*** Opening DATA IN THIS EXERCISE ***

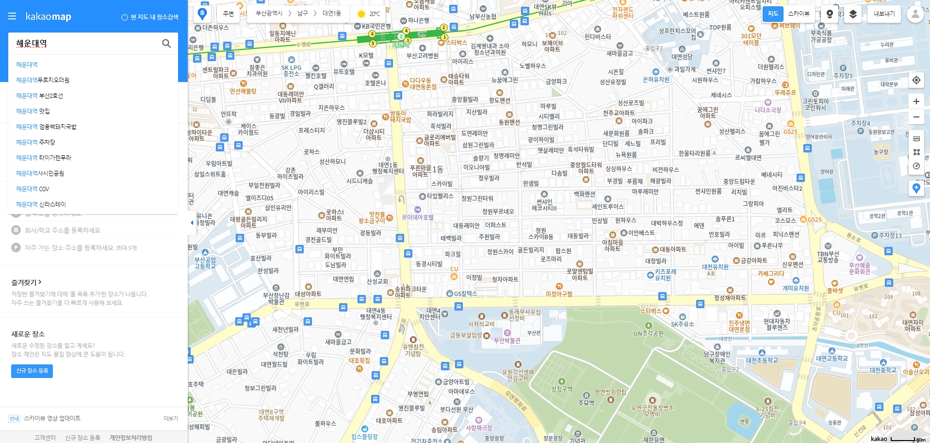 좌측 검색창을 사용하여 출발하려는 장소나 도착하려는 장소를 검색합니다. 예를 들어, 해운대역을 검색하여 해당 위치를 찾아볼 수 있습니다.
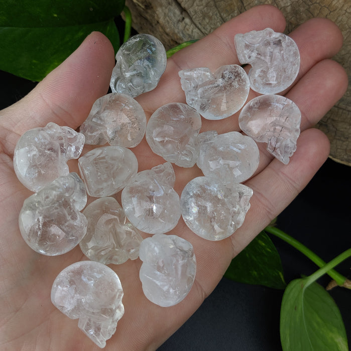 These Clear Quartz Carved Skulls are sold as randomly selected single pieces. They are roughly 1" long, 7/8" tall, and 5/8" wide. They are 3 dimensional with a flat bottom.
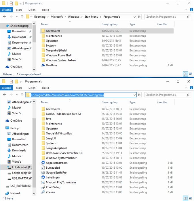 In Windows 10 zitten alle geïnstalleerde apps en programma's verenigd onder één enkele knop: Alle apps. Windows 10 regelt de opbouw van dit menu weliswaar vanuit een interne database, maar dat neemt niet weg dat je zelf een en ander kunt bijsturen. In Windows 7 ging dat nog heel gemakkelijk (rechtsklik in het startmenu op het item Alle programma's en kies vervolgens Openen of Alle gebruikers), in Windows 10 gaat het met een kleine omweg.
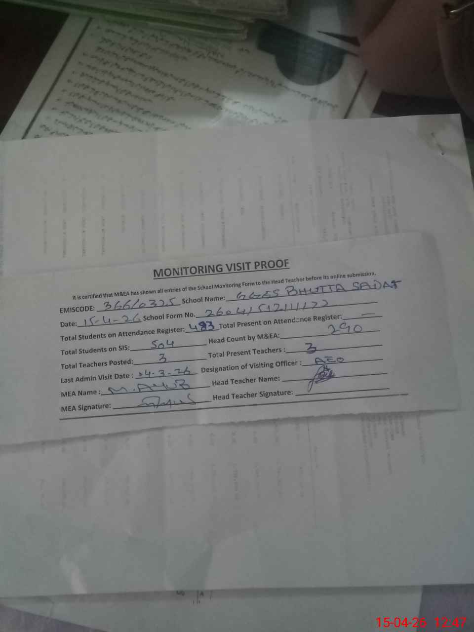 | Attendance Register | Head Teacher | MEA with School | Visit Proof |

*** Closing DATA IN THIS EXERCISE ***
*** Opening DATA IN THIS EXERCISE ***

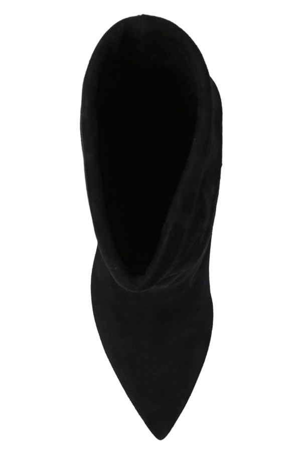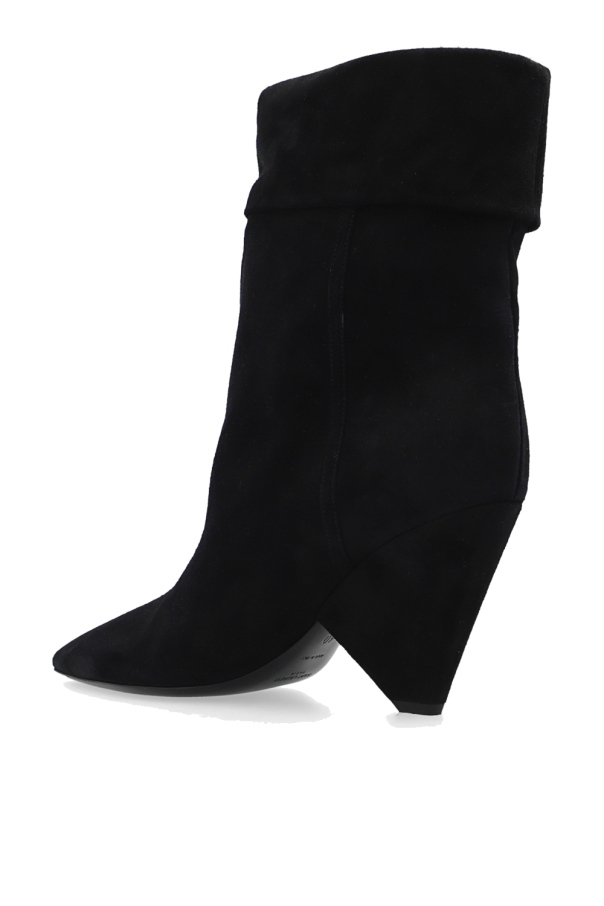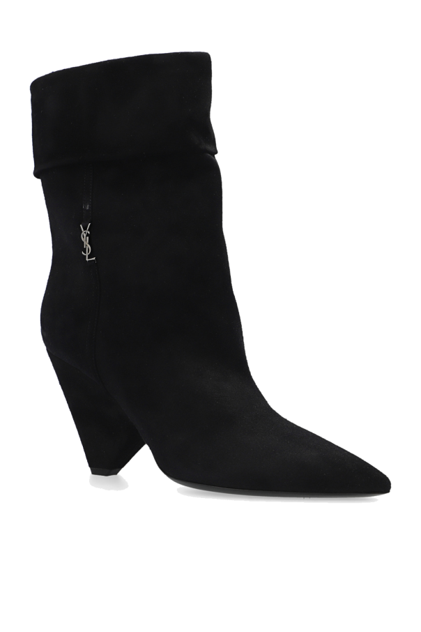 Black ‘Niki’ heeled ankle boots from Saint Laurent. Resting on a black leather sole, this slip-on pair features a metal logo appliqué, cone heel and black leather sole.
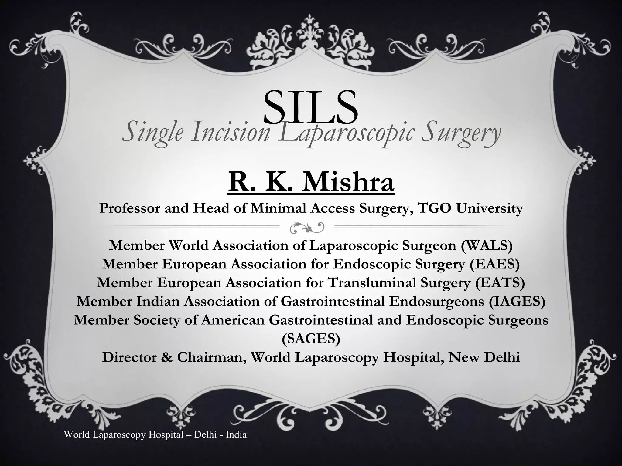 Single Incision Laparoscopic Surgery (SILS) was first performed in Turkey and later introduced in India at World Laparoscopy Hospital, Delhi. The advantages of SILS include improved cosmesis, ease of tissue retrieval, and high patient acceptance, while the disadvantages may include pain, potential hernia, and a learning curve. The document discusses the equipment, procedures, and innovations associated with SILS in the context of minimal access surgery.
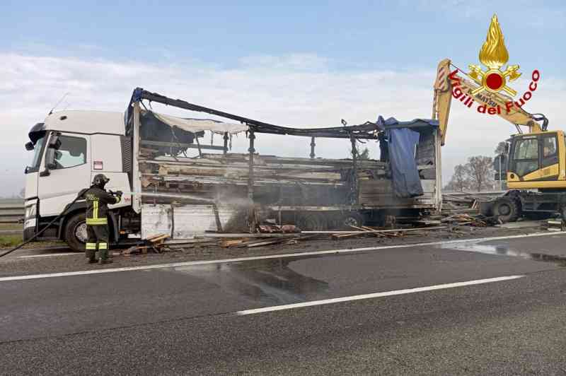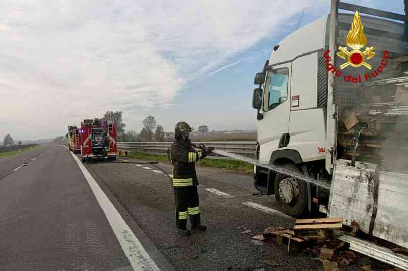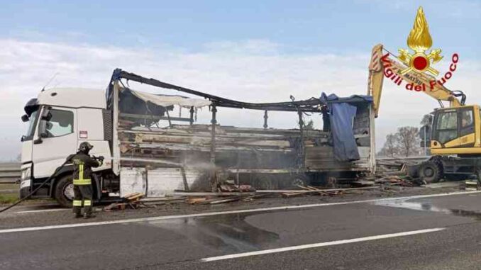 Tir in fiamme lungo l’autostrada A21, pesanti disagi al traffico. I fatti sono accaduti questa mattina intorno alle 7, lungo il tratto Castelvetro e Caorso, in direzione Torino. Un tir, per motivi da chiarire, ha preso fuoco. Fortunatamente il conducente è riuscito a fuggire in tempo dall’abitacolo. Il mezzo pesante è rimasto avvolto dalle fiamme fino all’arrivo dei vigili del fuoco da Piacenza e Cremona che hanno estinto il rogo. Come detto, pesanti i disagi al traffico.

*** Closing DATA IN THIS EXERCISE ***
*** Opening DATA IN THIS EXERCISE ***

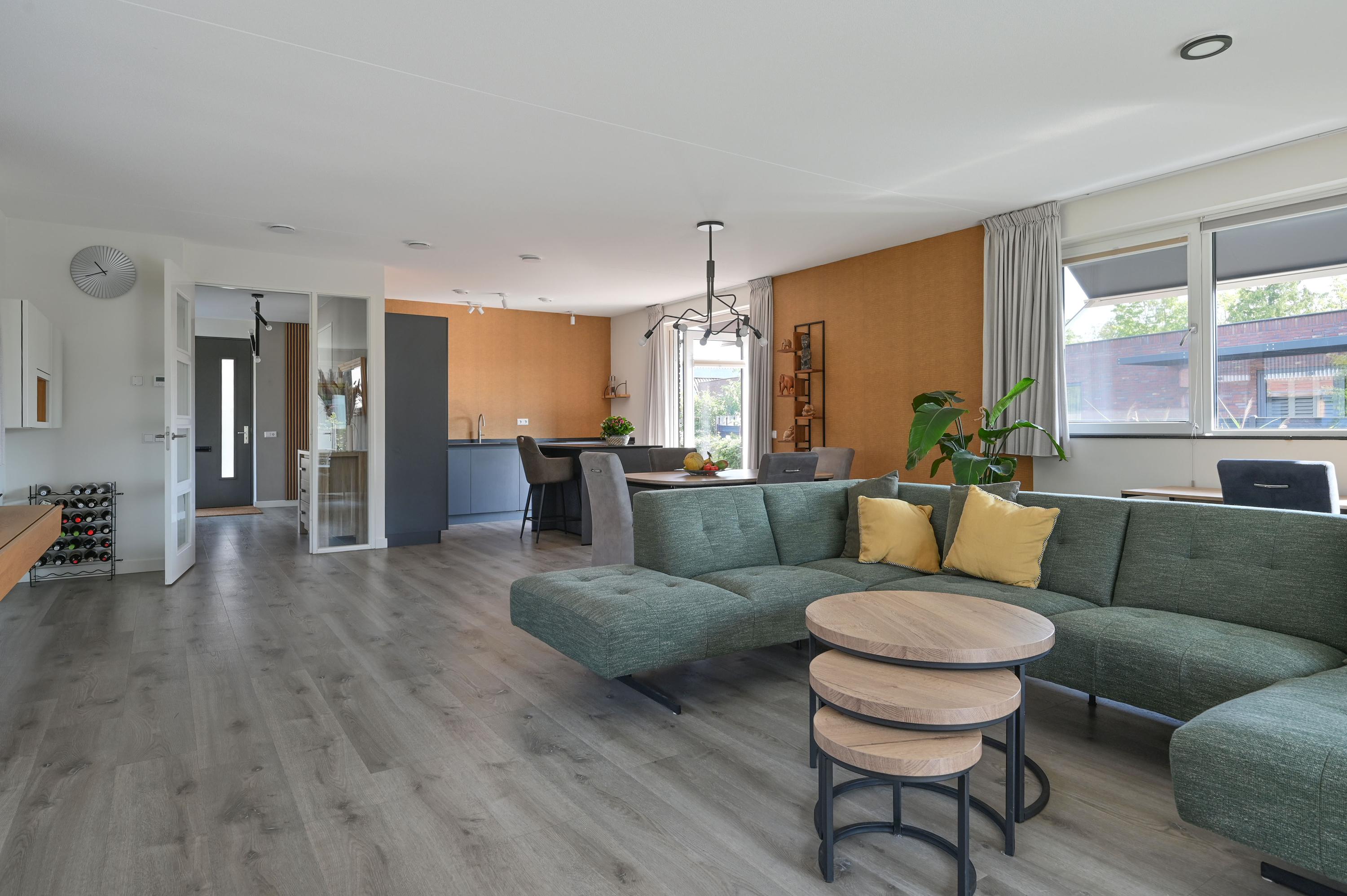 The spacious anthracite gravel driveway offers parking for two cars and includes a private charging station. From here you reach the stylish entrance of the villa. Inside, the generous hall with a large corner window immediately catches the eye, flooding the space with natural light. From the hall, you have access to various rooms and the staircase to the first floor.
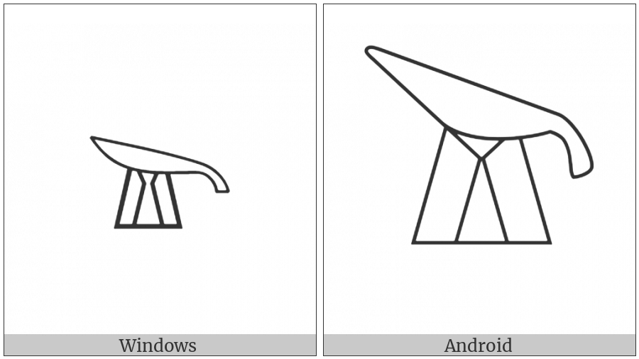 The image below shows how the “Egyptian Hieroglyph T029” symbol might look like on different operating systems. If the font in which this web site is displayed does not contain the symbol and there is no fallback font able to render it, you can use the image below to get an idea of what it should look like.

*** Closing DATA IN THIS EXERCISE ***

Quote the data above exactly from the line with "Black ‘Niki’ heeled" to the line with "Tir in fiamme", both ends counted, and nothing else. Pictures don't go in.

:: RESULT FOR THIS TASK ::
 Black ‘Niki’ heeled ankle boots from Saint Laurent. Resting on a black leather sole, this slip-on pair features a metal logo appliqué, cone heel and black leather sole.
 Single Incision Laparoscopic Surgery (SILS) was first performed in Turkey and later introduced in India at World Laparoscopy Hospital, Delhi. The advantages of SILS include improved cosmesis, ease of tissue retrieval, and high patient acceptance, while the disadvantages may include pain, potential hernia, and a learning curve. The document discusses the equipment, procedures, and innovations associated with SILS in the context of minimal access surgery.
 Tir in fiamme lungo l’autostrada A21, pesanti disagi al traffico. I fatti sono accaduti questa mattina intorno alle 7, lungo il tratto Castelvetro e Caorso, in direzione Torino. Un tir, per motivi da chiarire, ha preso fuoco. Fortunatamente il conducente è riuscito a fuggire in tempo dall’abitacolo. Il mezzo pesante è rimasto avvolto dalle fiamme fino all’arrivo dei vigili del fuoco da Piacenza e Cremona che hanno estinto il rogo. Come detto, pesanti i disagi al traffico.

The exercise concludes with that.